„Mandi-Comic“ gegen Nationalismus

Mandi 16.06.2010 19:24 Themen: Antifa Antirassismus
Die antifaschistische gruppe 5 aus Marburg hat anlässlich der Fußball-Weltmeisterschaft der Männer 2010 einen Comic mit dem Titel „Mandi“ herausgebracht. Der Comic setzt sich kritisch mit Nationalismus und so genanntem Partypatriotismus auseinander. Gestaltung und Titel sind in Anlehnung an die „Andi“-Comics des Verfassungsschutzes Nordrhein-Westfalen gewählt worden.
Der Verfassungsschutz NRW hat im letzten Jahr die so genannten „Comics für Demokratie und gegen Extremismus“ (unter dem Titel „Andi“) herausgebracht. In bekannter extremismustheoretischer Manier werden dort Linke, Rechte und Islamisten als vergleichbare Feinde der Demokratie dargestellt.
Die Konstruktion einer legitimen demokratischen Mitte führt zu der Annahme, extrem rechtes Gedankengut sei ein Problem am Rande der Gesellschaft.
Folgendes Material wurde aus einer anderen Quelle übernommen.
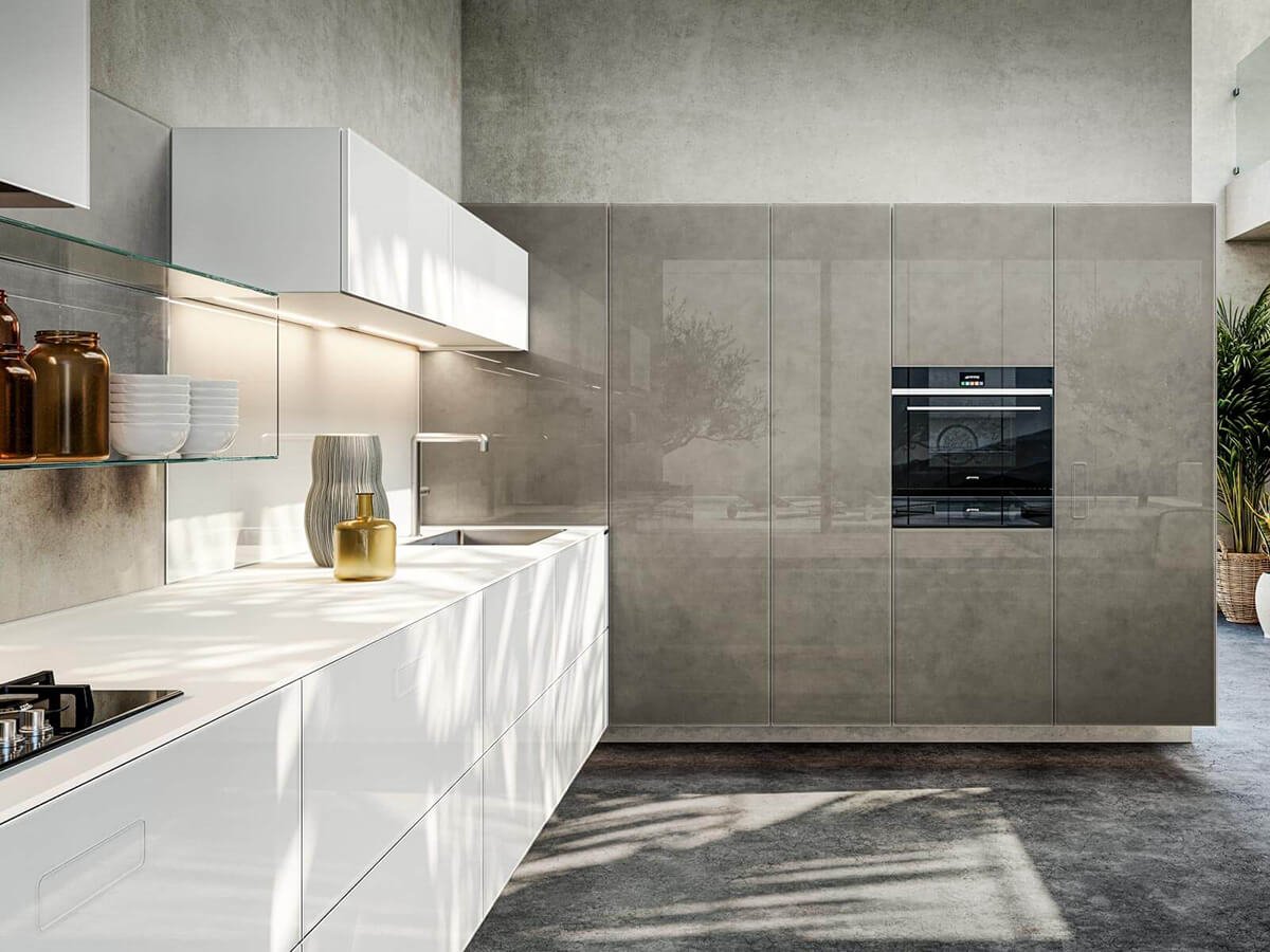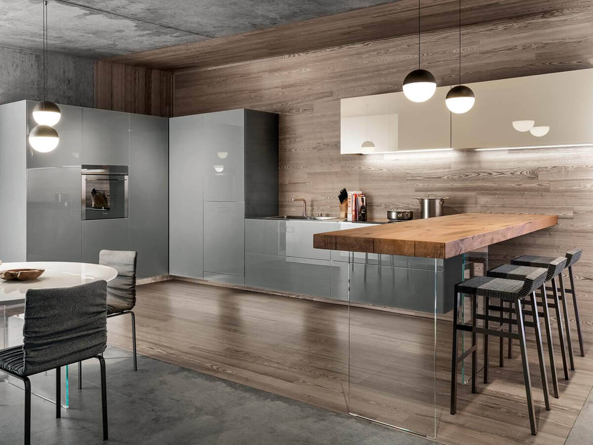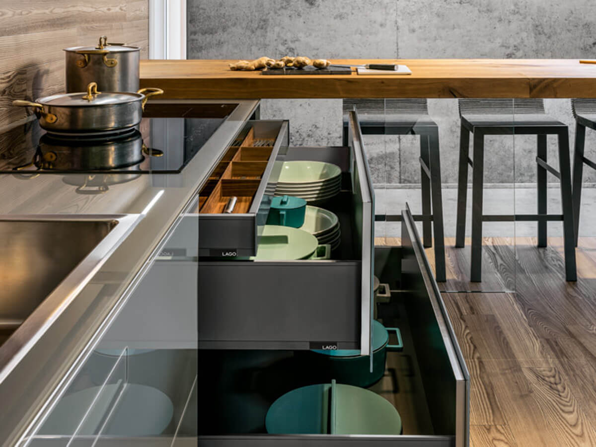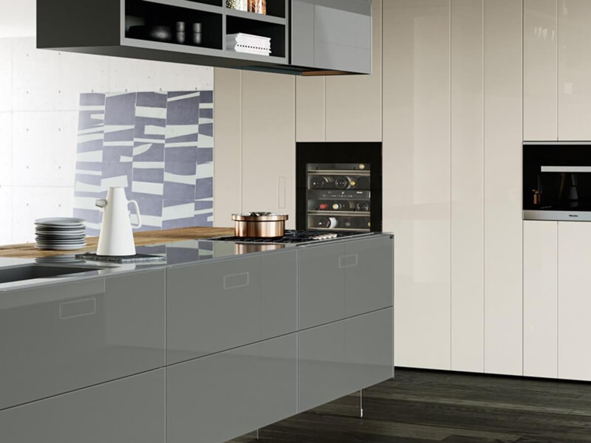 The 36e8 Glass kitchen by Lago uses colored parallelepipeds suspended and covered in glass to create an environment with a clean and airy design. The chromatic reflections of the glass capture the light and give more depth to the colors, giving the whole kitchen a fresh and bright, empathetic and welcoming tone.Like many other Lago creations, the impression of extreme lightness creates compositions that seem to float, with the wall units fixed to the wall at a distance of several centimeters from the floor and the island modules suspended on invisible sheets of transparent glass.But 36e8 Glass does not find its strengths in the visual rendering alone: it is also a highly functional kitchen, hygienic and easy to clean, very resistant to bumps and scratches. The laminate top is an exclusive patent with a glass effect edge, resistant and practical.

Die jedoch in der Mehrheitsgesellschaft weit verbreiteten rechten Einstellungen werden damit aus dem Diskurs ausgeschlossen.
Darüber hinaus wird durch diesen Ansatz progressiv linkes Engagement diskreditiert und grundsätzlich als gewalttätig und damit illegitim dargestellt.

Die Comics sind nur ein Zeichen dafür, dass diese Doktrin sich bundesweit auszubreiten versucht und auch durch „Bildungsarbeit“ des Verfassungsschutzes an Schulen gelangen soll. Dieser gefährlichen Entwicklung soll mit den Mandi-Comics auf kreative Weise etwas entgegensetzt werden.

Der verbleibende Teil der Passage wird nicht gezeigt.